Oxygen consumption rate (OCR) of primary neurons was measured using a Seahorse Bioscience Extracellular Flux Analyzer (XFe96) and the Seahorse XF Cell Mito Stress Test (Agilent 103015-100) according to the manufacturers protocol. Briefly, primary neurons were seeded between 80,000-100,000 cells per well, a plating density selected through cell titration experiments. Neurons were maintained in co-culture media, which was carefully exchanged every 3 days. DIV6-11 neurons were treated with OL-CM or OL-EXOs for 24 hours. Pre-treatment with the potent inhibitor of mitochondrial respiration, antimycin-A (AA, 100 nM), for 24 hours served as a negative control.
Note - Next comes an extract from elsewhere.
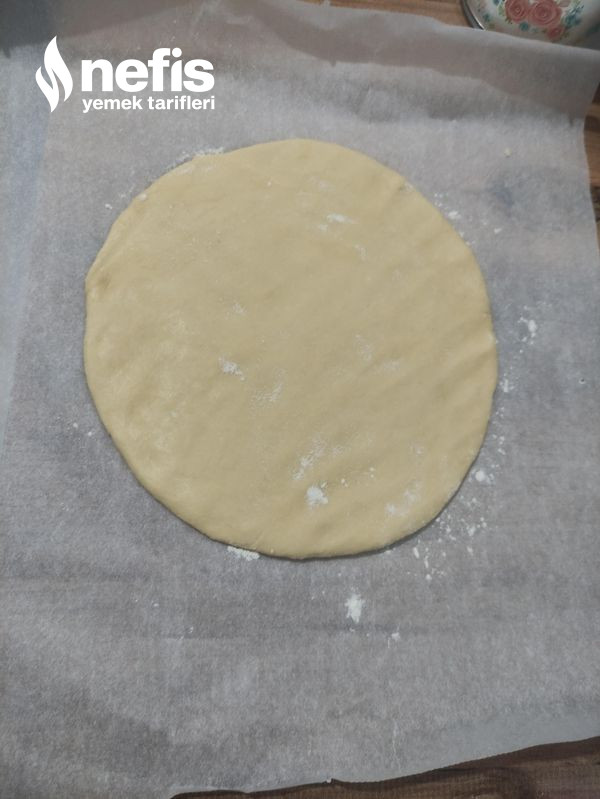 3. Hazır olan hamuru yağlı kağıt serilmiş tepside elimizde bir parmak kalınlığında açalım ve üzerine poşet örtüp yaklaşık 1 saat mayalandıralım.

Prior to the assay, neurons were washed with pre-warmed Seahorse assay media (120 mM NaCl, 3.5 mM KCl, 1.3 mM CaCl2, 0.4 mM KH2PO4, 1 mM MgCl2, 5 mM HEPES, 10 mM Sodium Pyruvate, and 10 mM Glucose in dH2O, pH 7.4) and maintained in a CO2-free 37°C incubator for 1 hour. To perform the stress test, OCR was measured at basal level and following sequential injections of oligomycin, FCCP, and rotenone/antimycin-A at a final concentration of 1.0 μM, 1.5 μM, and 0.5 μM, respectively. The Seahorse XF Cell Mito Stress Test Report Generator (Agilent) was utilized to analyze the resulting data, generating values for basal respiration, ATP production, and extracellular acidification rate. Similar to previously published methodology (Nicholas et al., 2017), replicates having OCR or ECAR measurements below zero were assumed to be in error and thus, these wells were entirely excluded from downstream analysis. Note that data were normalized to cell number at the time of plating, as attempts to normalize data based on cell number in an equivalently plated 96-well plate were not useful due to variation in plating materials. In addition, 10-12 wells were used for each condition to account for well-to-well variability in cell number, allowing for adequate statistical power after removal of wells exhibiting a significantly skewed metabolic profile within group.

Measurement of mitochondrial membrane potential (ψm)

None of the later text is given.